Gripes with OOP

I use OO languages all the time, but find there are a common string of annoyances I have with them. Some of these are inherit to OOP itself, some of them how certain OO features are implemented in a certain language, and others are how OOP is used in a general sense.

Some languages are multi-paradigm (C++, Python, etc), but some are strictly OOP [1]. What happens if you want a function in Java that adds 2 numbers? Sorry, that needs to go into a class.

Certain things don't (always) need to go in a class:

• Pure functions
• Constants
• Static class methods

Pure functions have no side effects, and as long as they are properly named, shouldn't need to be tied to a class in any way.

Constants cannot change, and as such, should be able to be defined anywhere you please, so long as it makes sense.

Static classes are purely designed to hold static methods and nothing else. In C++/C#, a namespace could be used to group like things together, instead of a static class. They do the same thing, but one of them doesn't need to create a class to do so (even if it is just a single class). Take for instance the Java Math library, which is just a bunch of functions wrapped up in a static class called Math.

As someone who doesn't (normally) use an IDE, it is annoying to see a variable, lets call it x, and have no idea where it is defined:

// c++

void SomeClass::someMethod() {
  x++;
}

Is it some global variable? Is it defined somewhere in this file? Is it a member of this class? Perhaps it is a member of the superclass?

Without an IDE to tell you, you might never know. Even with an IDE, sometimes your IDE is slow, and doesn't tell you right a way, and now you are waiting for it to finish scanning/running amok/whatever else it is doing so that you can get on with your life.

Python uses self.x and cls.x for accessing instance and static data respectively, and this makes it very easy to tell when something is part of a class or not. C++ has this->x and C#/Java have this.x, and so on. But, these are usually frowned upon, and IDE's will tend to gray them out, since they are "unnecessary" (in the case of C++/C#/Java).

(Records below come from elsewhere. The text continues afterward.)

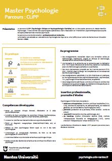Le Master de Psychologie, parcours CliPP (Psychologie clinique et psychopathologie plurielle) forme des psychologues spécialisés dans l’évaluation et l’intervention psychothérapeutique auprès de sujets présentant des troubles psychiques. Le parcours CliPP délivre le titre de psychologue, et ouvre également à la poursuite d'études en doctorat en psychologie. Il ouvre également la possibilité d’obtenir le titre de psychothérapeute.
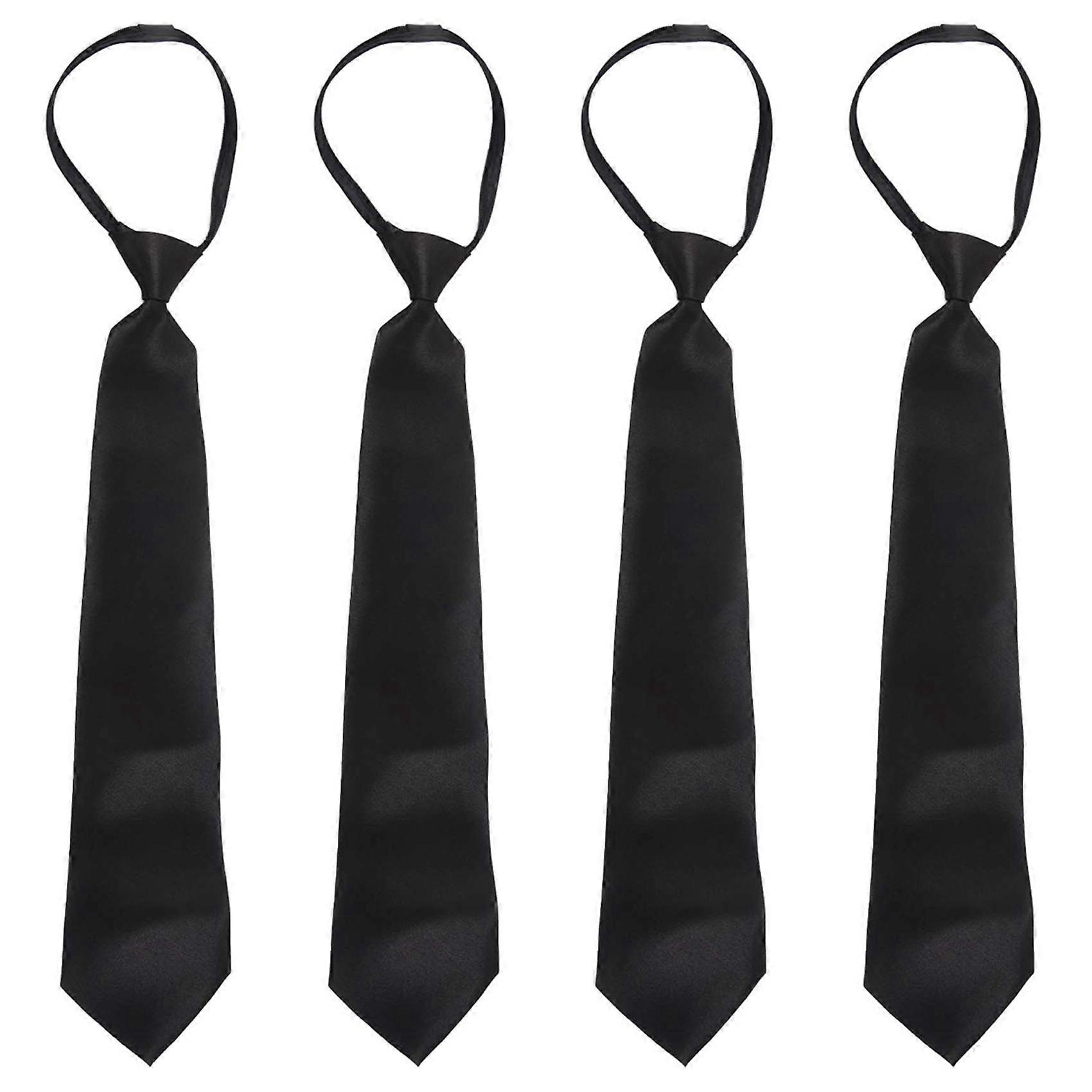 4X Men Solid Black Polyester Zip Up Necktie Smooth Zipper Tie
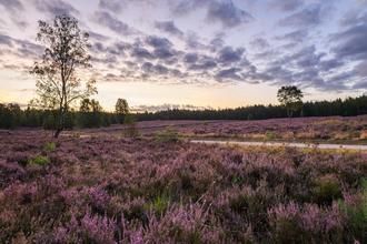 Angelbecksteich, Morgenstimmung über der blühen Heide
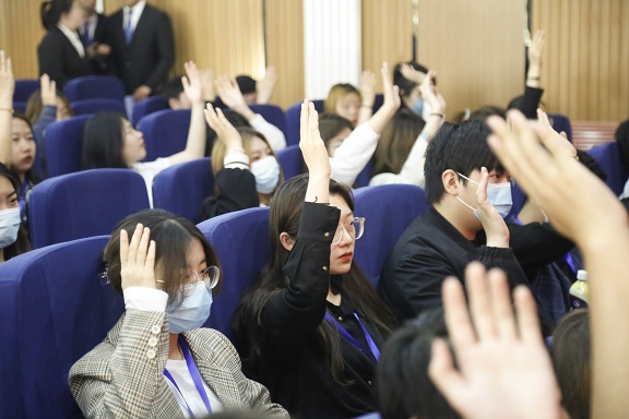 隨后,十二位學(xué)生委員會(huì)成員依次進(jìn)行競(jìng)選宣言,通過學(xué)生代表的投票表決,大會(huì)選舉產(chǎn)生了第十七屆學(xué)生會(huì)委員會(huì)成員,分別是石江顥、石宇慧、付瑩、李笑笑、李紋、陳笑語、邵潤(rùn)楠、晏正涵、梅蘇麗(以姓氏筆畫為序)。

It is a "best practice" in Java to add getters and setters for all of your field methods, since you never know when you might want to add more functionality to them:

class SomeClass {
  public String name;
  public int age;

  // ...

  public String getName() {
    return name;
  }

  public int getAge() {
    return age;
  }

  public void setName(String n) {
    name = n;
  }

  public void setAge(int n) {
    age = n;
  }
}

There are 3 lines that are important, and that is:

1. The name of the class
2. The name field
3. The age field

There is also the constructor, which I left out.

This dogmatic approach to writing code takes away from the things that matter, which is certainly not the silly getter/setters. There is this Java library called Lombok, and adds a lot of attributes for auto-generating getters/setters, making builder classes, and so on.

In Python, we have dataclasses, which further reduces the class boilerplate:

from dataclass import dataclass

@dataclass
class SomeClass:
    name: str
    age: int

x = SomeClass(name="bob", age=123)
x.name = "alice"

Python and C# have the idea of getter/setter properties, which allow for calling a function when assigning/reading from a field. This means that you can "add" a getter/setter after the fact, and not have to write any boilerplate functions!

Gasp! Encapsulation is good, but there are times where you need to break the rules, and your language makes it hard to do so. For example, in Python, everything is public, there isn't any way of locking things down [2]. This sounds heretical to non-Python programmers, but once you get used to it, it is actually really nice.

C++, C#, and Java have the concept of friend/protected members, which allow for code inside the same "module" to get direct access (as if it where public), though restrict this access to private outside the module. This can be good when you just need access to something "this one time", or want to change something that the original authors (perhaps yourself) didn't want you to.

This is more targeted at people who use OOP, or more specifically, don't use OOP for what it is capable of. Ask yourself the following: When was the last time you:

• Wrote a destructor
• Wrote an abstract class
• Wrote a class that didn't extend some library interface of sorts

If you haven't done any of those recently, perhaps you aren't using OOP, just putting your code in the right place so that it compiles and runs in whatever framework you chose. OOP is, among other things, a way for you to manage the lifetime of objects, to keep relevant functionality together, for creating hierarchies, for creating boundaries using interfaces and/or abstract classes.

That's all for now. I feel like I missed a few points, but all in all, this covers pretty much everything important.

[1]: Some previously strictly OOP languages (like Java/C#) are adopting more functional approaches, and as such, might not be considered "strictly" OOP in the traditional sense.

[2]: There are frozen classes and such, but they more or less just make it harder, not impossible.